In line with weaker demand for intermediate input for exports, imports are projected to contract by 3.1% in December, giving rise to an overall trade surplus of RM12bil.
“Looking ahead, export stimuli for Malaysia will remain limited through the next few months amid uncertain global demand, chiefly arising from the US-China trade talks.
“This scenario is reinforced by the expectation of muted demand from two of Malaysia’s largest export markets (i.e. China and Singapore), as indicated by the downtrend in their manufacturing export orders,” it said.
RAM said the less upbeat business optimism of export-oriented firms in Malaysia in relation to 1H 2019 - as captured by the RAM Business Confidence Index - suggests headwinds against exports in early 2019.

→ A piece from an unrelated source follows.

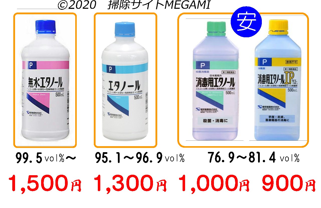 調査した店では、「無水エタノール」と「消毒用エタノールやIP」の差は、なんと500〜600円でした!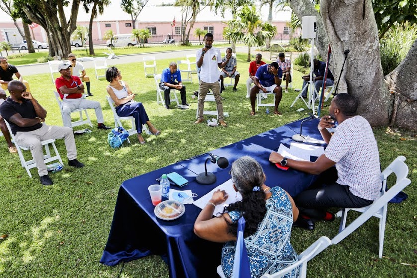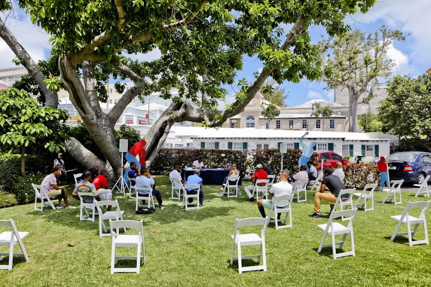 Last week, Premier the Hon. David Burt, JP, MP, and the Minister of Community Affairs and Sports, the Hon. Lovitta Foggo, JP, MP, hosted a Chat and Chew for leaders of Bermuda’s community clubs on the lawn of the Cabinet Office. This was the first Chat & Chew hosted by the Premier since the onset of COVID-19.

Despite the prevailing global uncertainty and volatility, the approved value of foreign investments in the manufacturing sector surged to RM33.6bil in 3Q 2018, bringing the total approved value to RM48.8bil for the first nine months of 2018 (2017 total: RM21.5bil).
RAM also pointed out there was also a discernible increase in interest in the chemical and electrical & electronics sectors, which RAM had previously identified as the key sectors in which Malaysia could benefit from the trade divergence arising from the US-China trade war.
“It is very encouraging that Malaysia remains relevant and a key node in the global value chain.
“If these approved investments materialise, Malaysia will have added capacity to fully reap the benefits of these trade-diversion, thereby supporting exports over the longer term,” said Kristina Fong, head of research at RAM.